There are several major problems with existing terrain generators, in my opinion. The terrain that we see around us is an emergent property of several forces, all acting at microscopic levels. What software generates is an approximation of those processes (that is the software uses a model or set of models with very specific assumptions). The output of most software packages has a range of plausibility for the outputs.

Wilbur's erosion models, for example, mostly generate outputs that are plausible for the scale range of about 1 meter per pixel to about 100 meters per pixel and it has quite a few limits on the range of altitude variance over which it will generate plausible results. This range of plausibility comes from the models that Wilbur employs, which are basically the simplest thing that I could code for the kinds of maps that I was making (precipiton erosion, for example, is constant-strength materials and only nearest-neighbor sediment transport). Wilbur can generate fairly plausible results if its limitations are kept in mind.

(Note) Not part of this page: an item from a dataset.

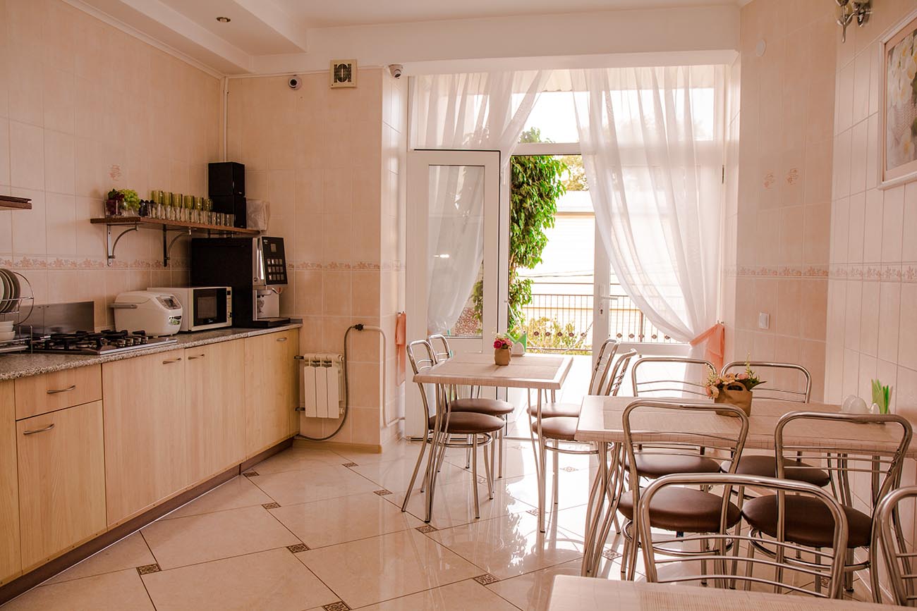 Кухня, оборудованная всем необходимым для приготовления еды (кроме жарения продуктов): газовой плитой, посудой, мультиваркой, микроволновой печью, тостером и термопотом.
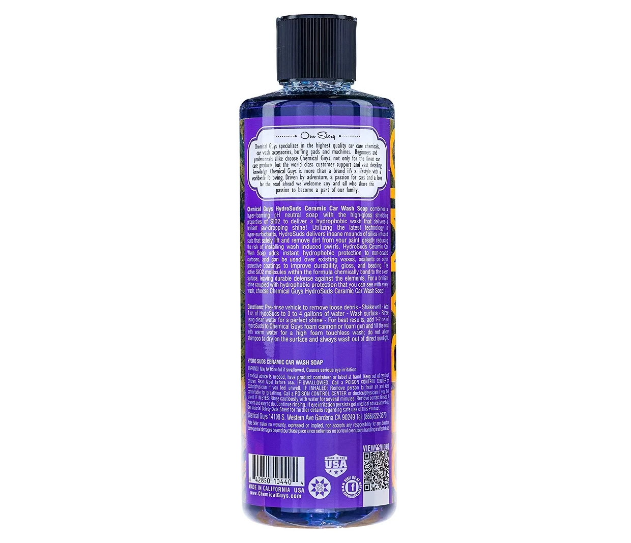 Chemical Guys Hydro Suds Ceramic Car Wash Soap combines a hyper-foaming pH neutral soap with the high-gloss shielding properties of SiO2 to deliver a hydrophobic wash that delivers a brilliant jaw dropping shine.

It can generate some marginally plausible mid-scale mountains if you're willing to phrase the problem in a certain way ( https://www.cartographersguild.com/a...chmentid=80877 from the Muna Workshop thread is an example ).

As Redrobes suggested, cloning existing terrain patches (especially with a texture synthesis algorithm behind it) is a good way to go if you're not concerned too much with river flow and just want to get results that look plausible at first glance.